TASK TO CARRY OUT → Retype, exactly as they stand, the lines from the start of the data to the line that contains "ソファー 二人がけソファー 2人掛け", both ends included. Leave the pictures out.

+++++

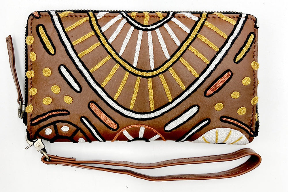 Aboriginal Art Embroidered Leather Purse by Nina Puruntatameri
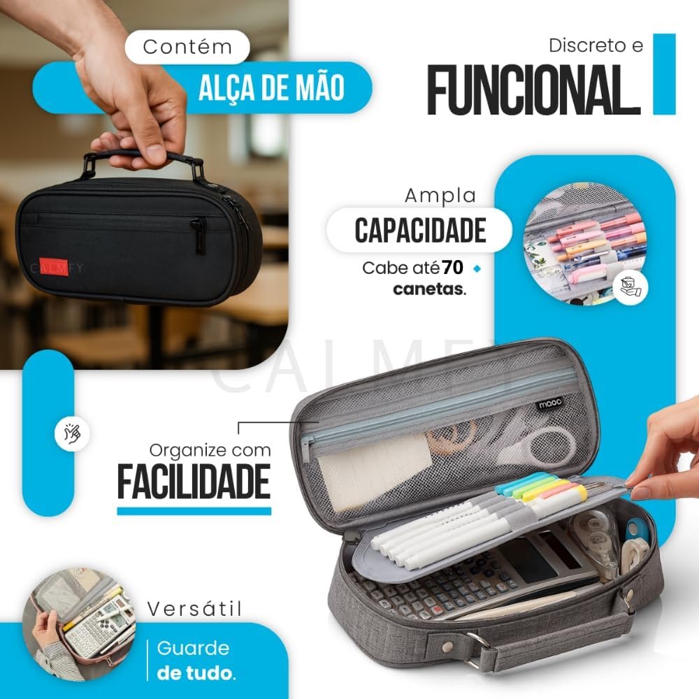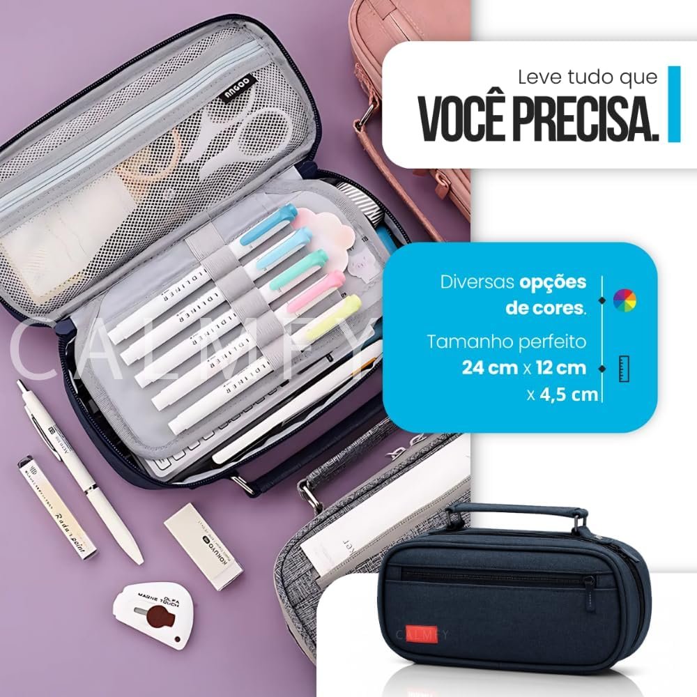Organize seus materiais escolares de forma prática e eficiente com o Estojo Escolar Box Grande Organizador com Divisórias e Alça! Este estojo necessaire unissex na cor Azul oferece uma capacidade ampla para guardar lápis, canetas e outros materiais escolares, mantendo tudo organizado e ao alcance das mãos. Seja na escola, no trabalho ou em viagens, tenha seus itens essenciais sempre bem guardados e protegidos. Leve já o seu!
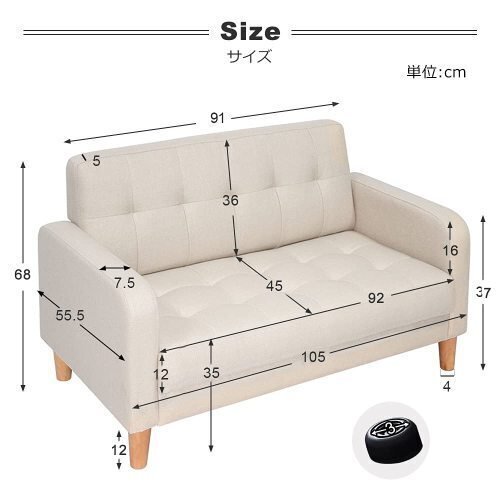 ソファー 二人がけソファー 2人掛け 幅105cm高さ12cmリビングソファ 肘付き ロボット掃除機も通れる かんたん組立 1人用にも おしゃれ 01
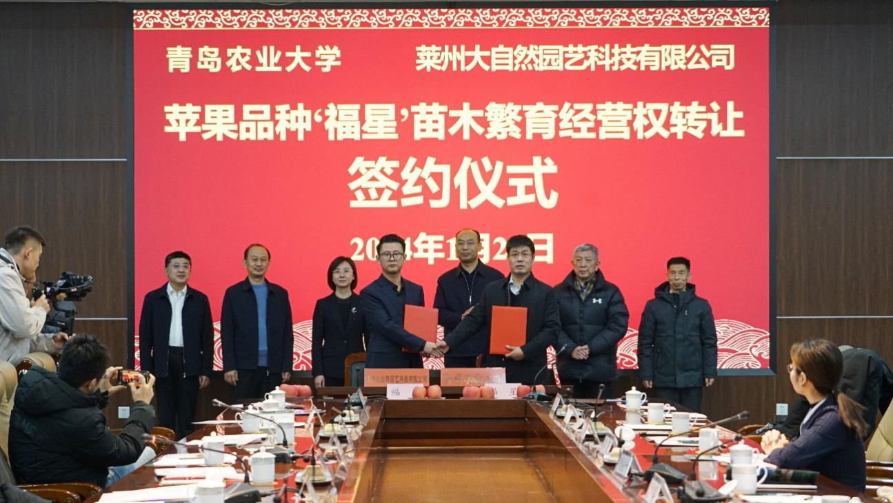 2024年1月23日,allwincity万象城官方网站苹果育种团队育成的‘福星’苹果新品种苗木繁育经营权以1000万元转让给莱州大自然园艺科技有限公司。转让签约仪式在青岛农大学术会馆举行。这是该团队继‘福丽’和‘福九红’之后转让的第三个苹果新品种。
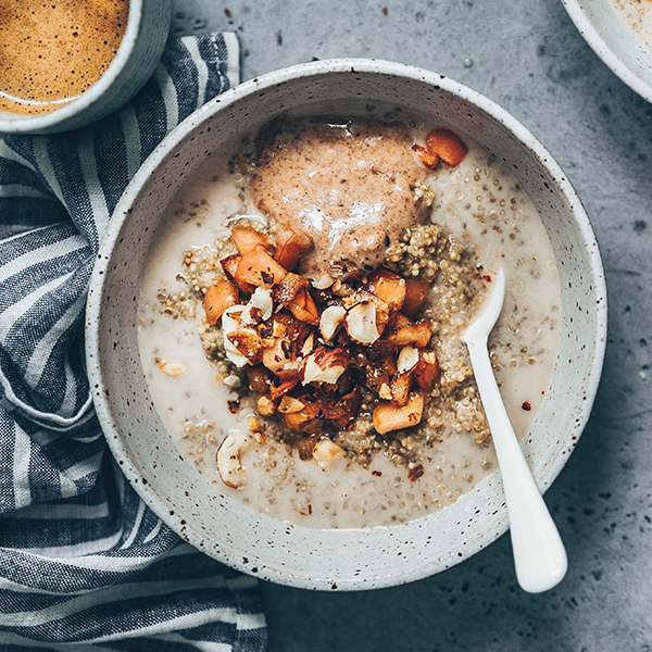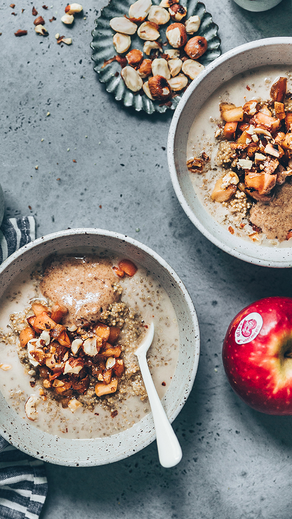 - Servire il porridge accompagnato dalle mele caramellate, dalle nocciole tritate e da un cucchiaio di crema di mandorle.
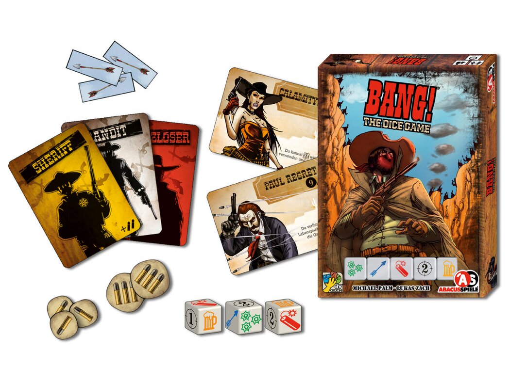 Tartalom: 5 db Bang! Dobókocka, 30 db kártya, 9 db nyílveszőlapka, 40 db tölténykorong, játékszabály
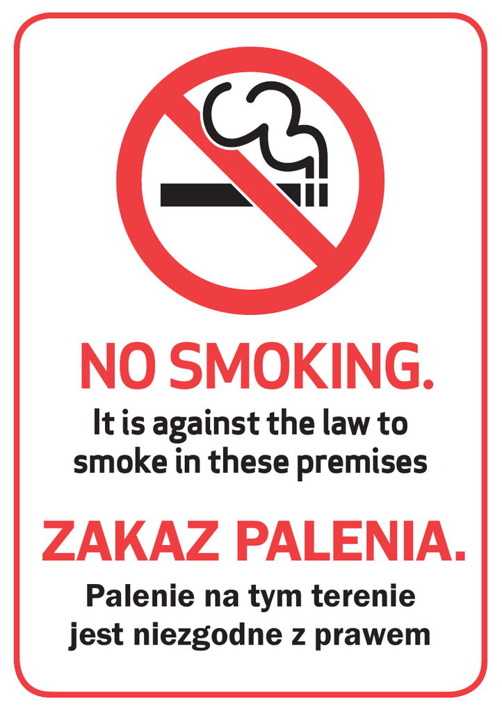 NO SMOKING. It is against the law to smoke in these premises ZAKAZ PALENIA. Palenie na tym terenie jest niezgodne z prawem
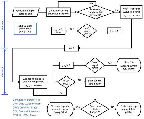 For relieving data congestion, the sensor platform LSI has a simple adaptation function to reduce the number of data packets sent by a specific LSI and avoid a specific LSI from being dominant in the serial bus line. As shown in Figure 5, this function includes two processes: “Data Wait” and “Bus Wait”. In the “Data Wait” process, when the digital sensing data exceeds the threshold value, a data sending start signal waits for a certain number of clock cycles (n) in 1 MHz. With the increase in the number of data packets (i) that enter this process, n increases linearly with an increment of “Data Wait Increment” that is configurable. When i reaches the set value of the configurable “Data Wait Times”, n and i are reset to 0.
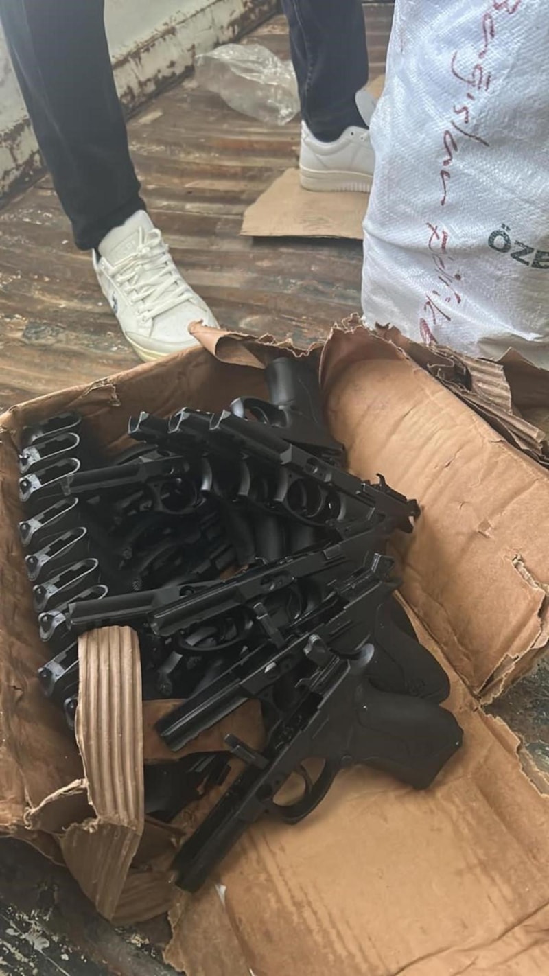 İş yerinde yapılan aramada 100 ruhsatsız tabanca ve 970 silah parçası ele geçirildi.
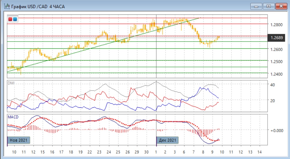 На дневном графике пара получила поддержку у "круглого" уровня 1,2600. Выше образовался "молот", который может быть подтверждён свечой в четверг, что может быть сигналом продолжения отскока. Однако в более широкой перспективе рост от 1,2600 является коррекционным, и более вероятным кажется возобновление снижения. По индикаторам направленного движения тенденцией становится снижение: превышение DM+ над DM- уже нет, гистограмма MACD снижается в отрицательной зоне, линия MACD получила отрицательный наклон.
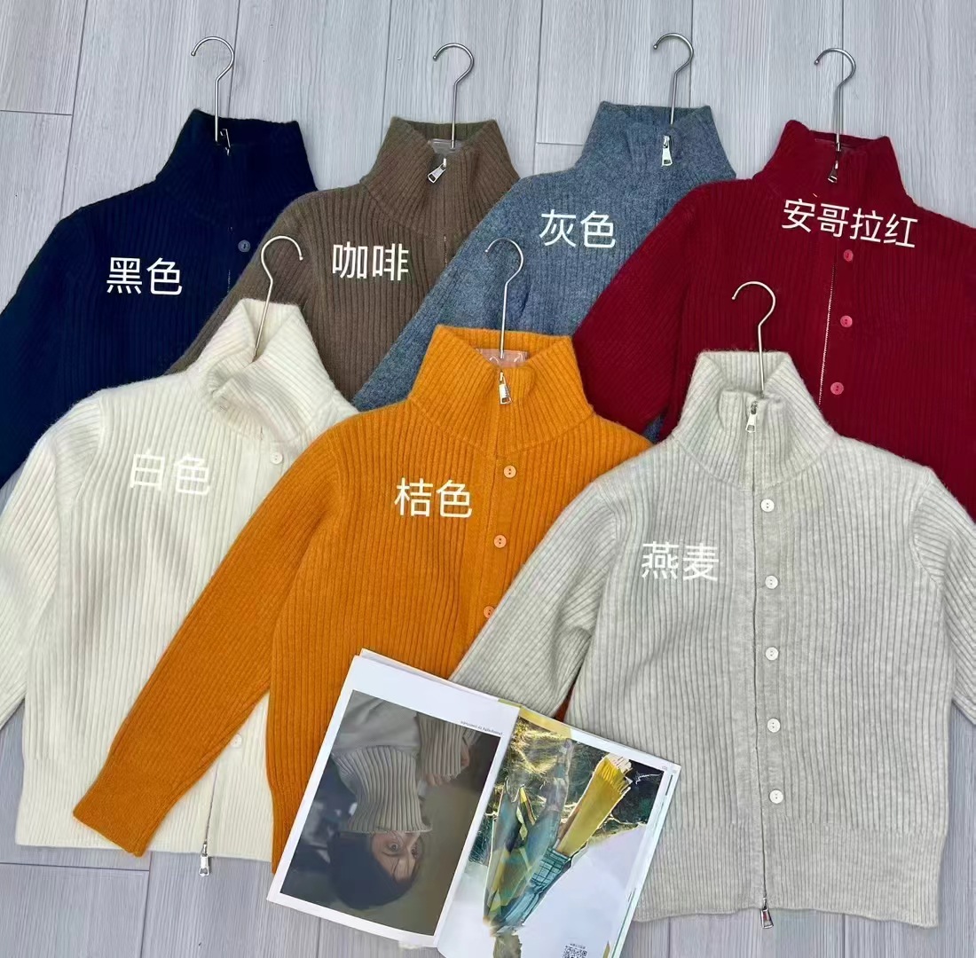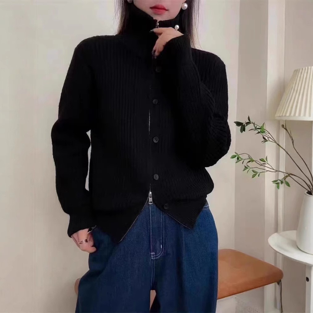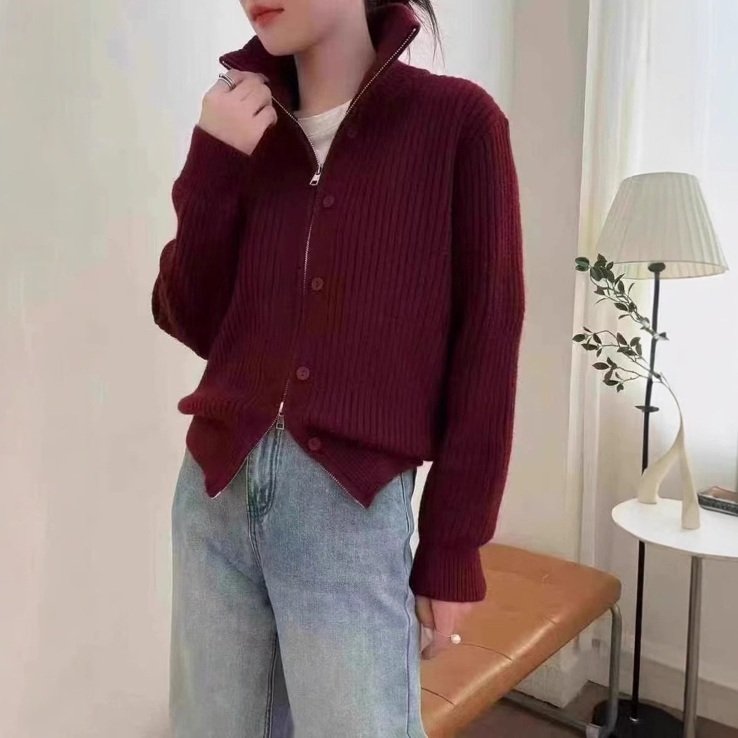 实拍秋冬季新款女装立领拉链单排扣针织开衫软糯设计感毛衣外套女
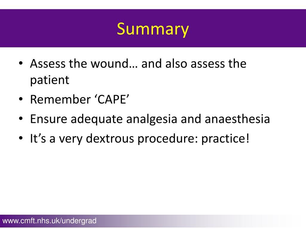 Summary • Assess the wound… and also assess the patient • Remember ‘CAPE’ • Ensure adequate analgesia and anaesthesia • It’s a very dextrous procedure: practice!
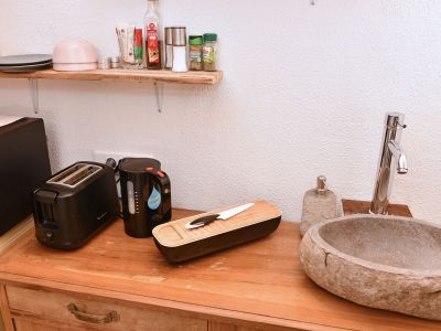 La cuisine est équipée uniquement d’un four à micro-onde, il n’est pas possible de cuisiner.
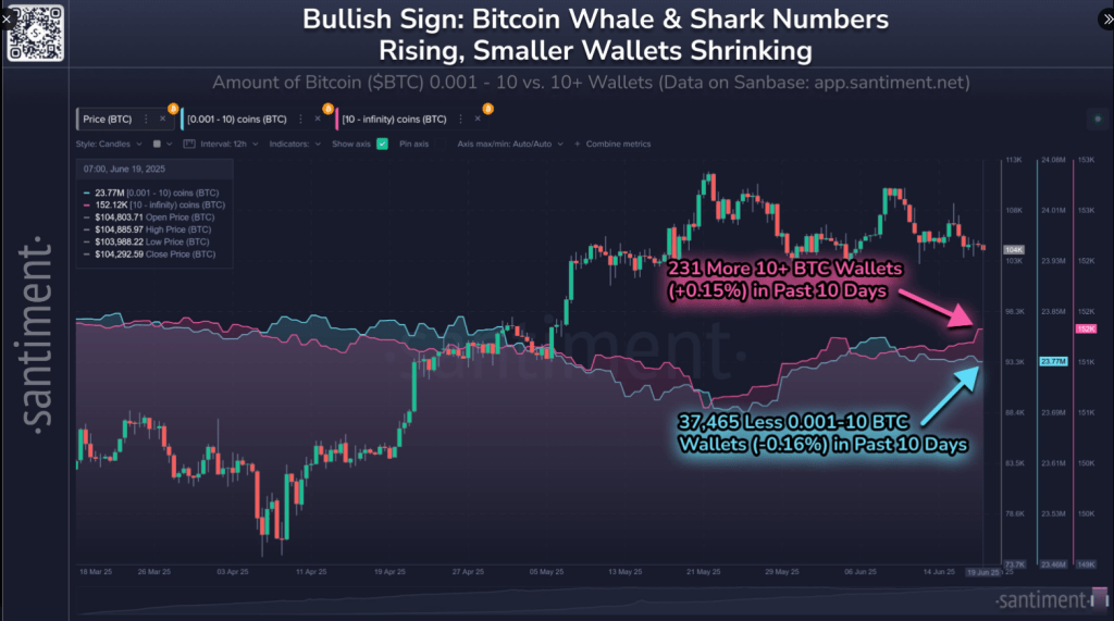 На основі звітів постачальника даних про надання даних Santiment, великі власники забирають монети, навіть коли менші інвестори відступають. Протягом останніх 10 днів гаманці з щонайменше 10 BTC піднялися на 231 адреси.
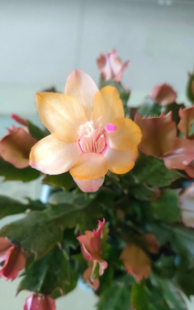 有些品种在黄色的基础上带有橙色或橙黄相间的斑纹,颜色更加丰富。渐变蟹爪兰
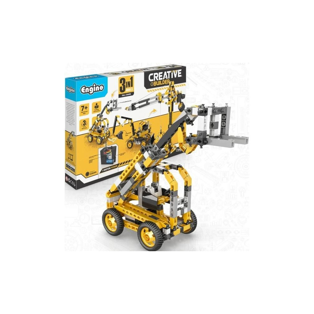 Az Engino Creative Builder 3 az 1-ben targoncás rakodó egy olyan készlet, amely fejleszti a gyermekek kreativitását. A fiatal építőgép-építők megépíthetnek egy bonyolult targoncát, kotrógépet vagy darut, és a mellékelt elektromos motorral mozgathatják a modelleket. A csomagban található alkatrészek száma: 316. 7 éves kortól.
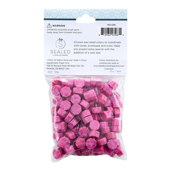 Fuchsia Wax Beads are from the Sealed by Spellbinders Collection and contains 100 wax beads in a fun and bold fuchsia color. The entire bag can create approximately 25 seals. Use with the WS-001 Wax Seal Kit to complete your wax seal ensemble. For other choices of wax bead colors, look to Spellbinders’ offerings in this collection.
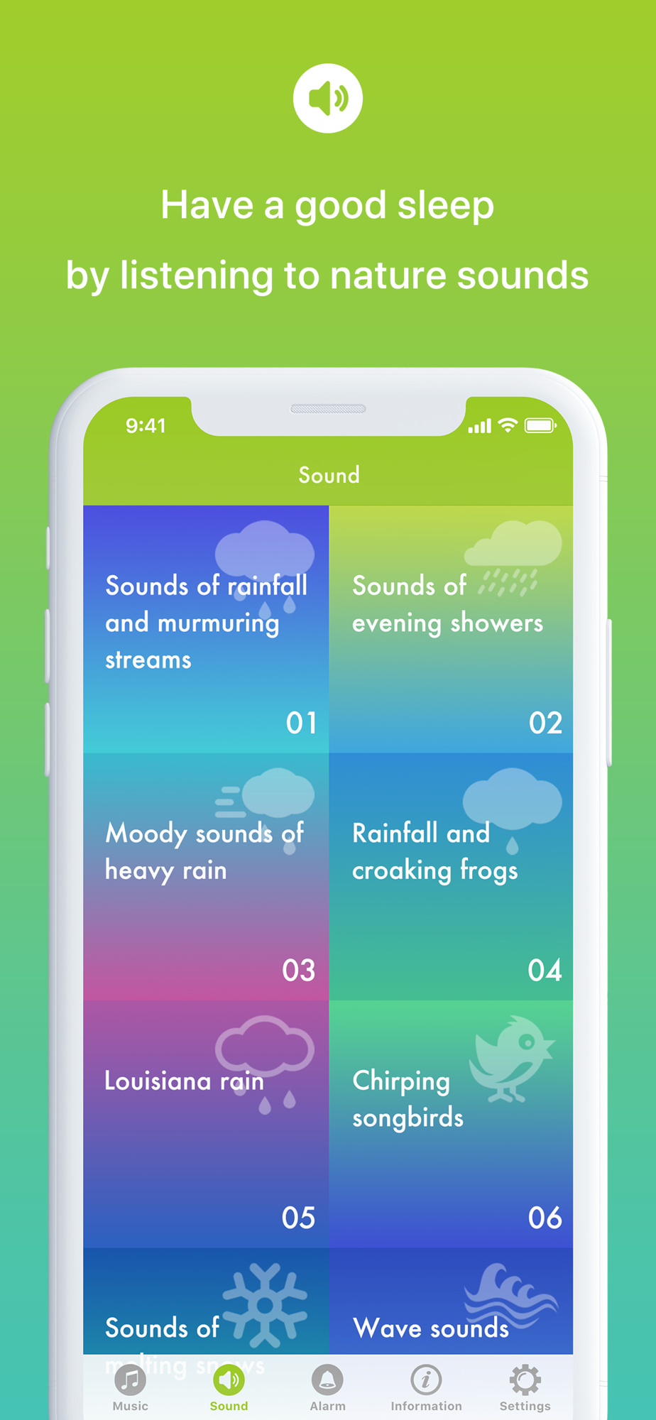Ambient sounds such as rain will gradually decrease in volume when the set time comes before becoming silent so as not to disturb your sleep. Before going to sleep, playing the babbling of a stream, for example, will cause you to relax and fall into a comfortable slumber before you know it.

+++++

EXPECTED ANSWER →
 Aboriginal Art Embroidered Leather Purse by Nina Puruntatameri
Organize seus materiais escolares de forma prática e eficiente com o Estojo Escolar Box Grande Organizador com Divisórias e Alça! Este estojo necessaire unissex na cor Azul oferece uma capacidade ampla para guardar lápis, canetas e outros materiais escolares, mantendo tudo organizado e ao alcance das mãos. Seja na escola, no trabalho ou em viagens, tenha seus itens essenciais sempre bem guardados e protegidos. Leve já o seu!
 ソファー 二人がけソファー 2人掛け 幅105cm高さ12cmリビングソファ 肘付き ロボット掃除機も通れる かんたん組立 1人用にも おしゃれ 01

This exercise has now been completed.